Data excerpts:
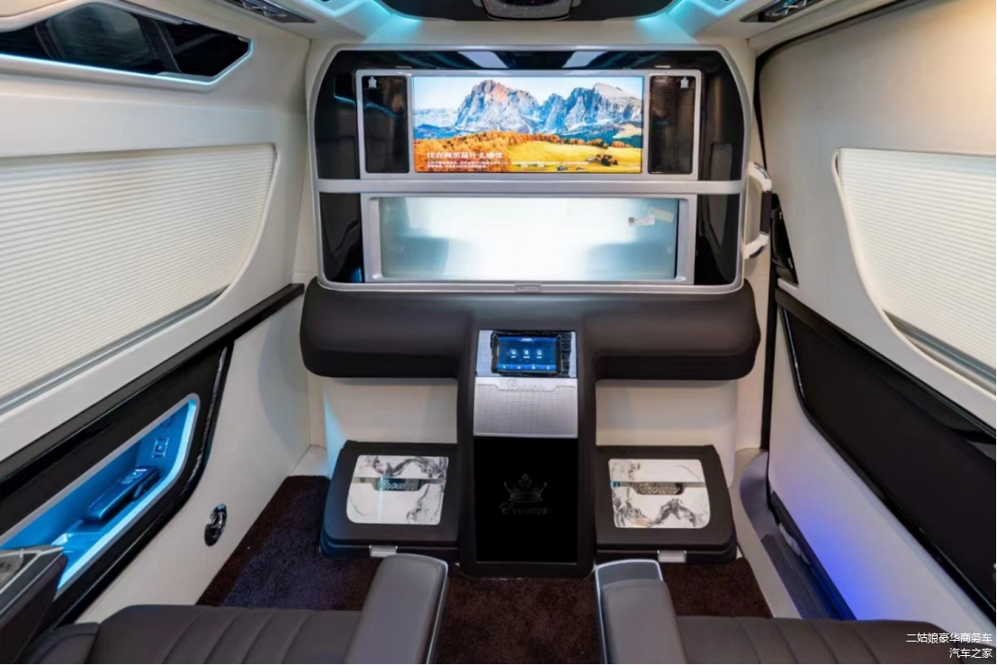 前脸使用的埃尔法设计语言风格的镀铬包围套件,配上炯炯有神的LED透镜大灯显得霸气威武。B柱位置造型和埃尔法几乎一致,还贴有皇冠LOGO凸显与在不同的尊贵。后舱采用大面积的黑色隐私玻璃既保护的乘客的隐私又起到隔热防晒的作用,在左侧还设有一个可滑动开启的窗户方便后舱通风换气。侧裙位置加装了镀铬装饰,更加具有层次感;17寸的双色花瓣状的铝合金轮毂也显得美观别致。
* * *
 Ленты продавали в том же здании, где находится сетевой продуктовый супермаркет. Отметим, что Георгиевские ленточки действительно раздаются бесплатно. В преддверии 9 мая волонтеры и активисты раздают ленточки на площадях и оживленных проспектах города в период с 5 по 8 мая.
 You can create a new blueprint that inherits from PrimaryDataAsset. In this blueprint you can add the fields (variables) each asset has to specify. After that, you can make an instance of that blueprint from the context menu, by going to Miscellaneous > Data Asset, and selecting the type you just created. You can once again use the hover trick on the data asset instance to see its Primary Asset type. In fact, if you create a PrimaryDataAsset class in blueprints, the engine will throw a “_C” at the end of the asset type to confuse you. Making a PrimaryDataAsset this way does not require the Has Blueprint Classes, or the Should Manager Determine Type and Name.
---
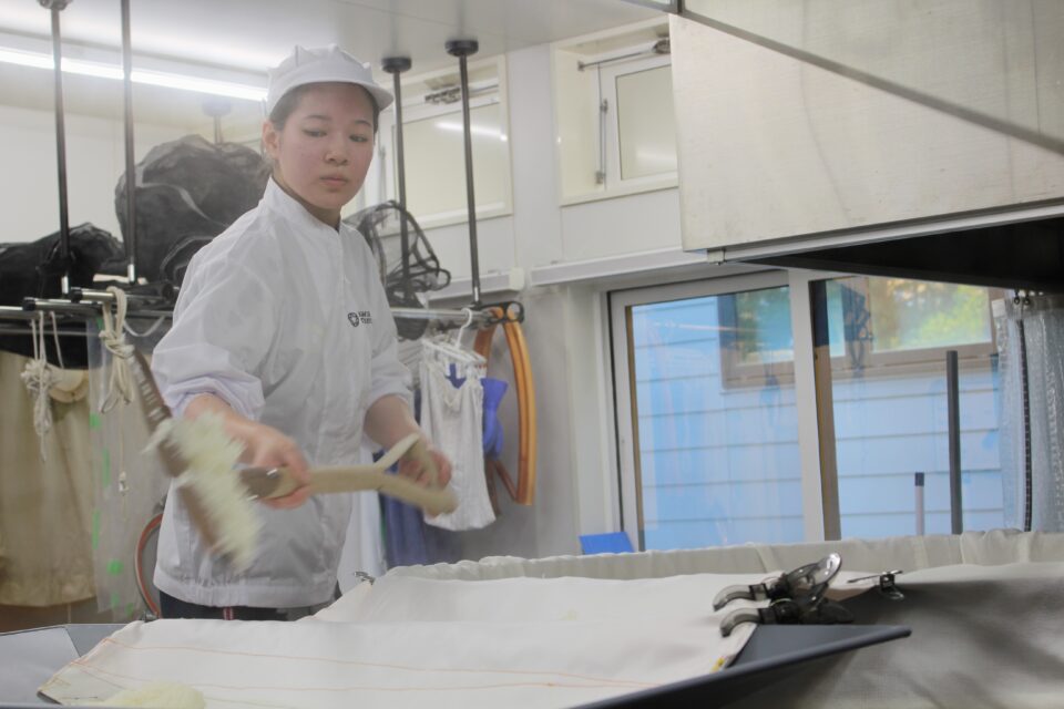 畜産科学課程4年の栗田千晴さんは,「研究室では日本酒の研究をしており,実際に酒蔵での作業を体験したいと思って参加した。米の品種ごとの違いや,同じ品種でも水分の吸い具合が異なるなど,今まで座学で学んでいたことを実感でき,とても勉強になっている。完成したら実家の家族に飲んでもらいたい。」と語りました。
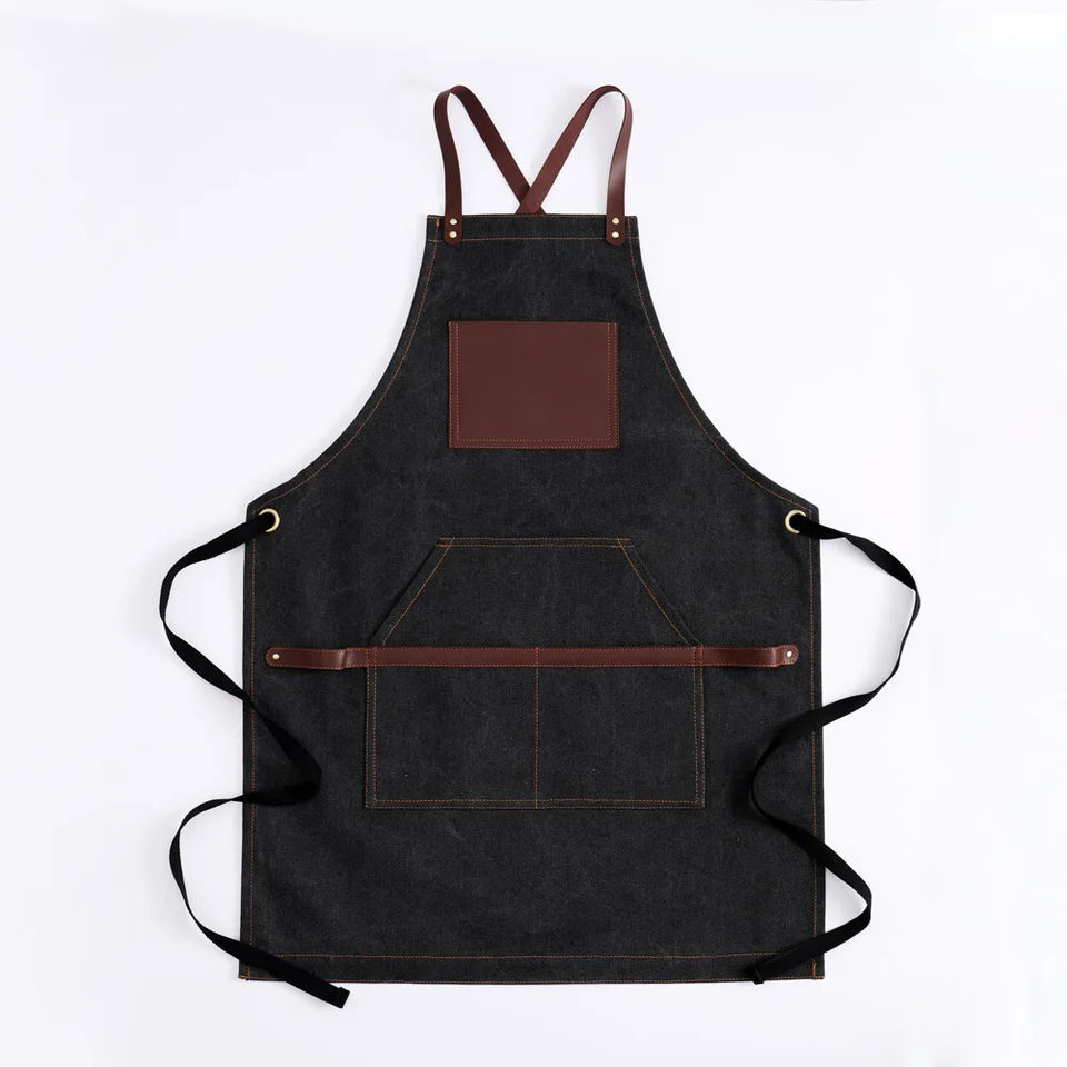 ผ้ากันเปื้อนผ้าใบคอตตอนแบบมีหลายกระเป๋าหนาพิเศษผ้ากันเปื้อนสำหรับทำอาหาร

Work instruction: Using the records above, return verbatim only the part that opens with the line containing "畜産科学課程4年の栗田千晴さ" and closes with the line containing "ผ้ากันเปื้อนผ้"; pictures stay out.

Task answer:
 畜産科学課程4年の栗田千晴さんは,「研究室では日本酒の研究をしており,実際に酒蔵での作業を体験したいと思って参加した。米の品種ごとの違いや,同じ品種でも水分の吸い具合が異なるなど,今まで座学で学んでいたことを実感でき,とても勉強になっている。完成したら実家の家族に飲んでもらいたい。」と語りました。
 ผ้ากันเปื้อนผ้าใบคอตตอนแบบมีหลายกระเป๋าหนาพิเศษผ้ากันเปื้อนสำหรับทำอาหาร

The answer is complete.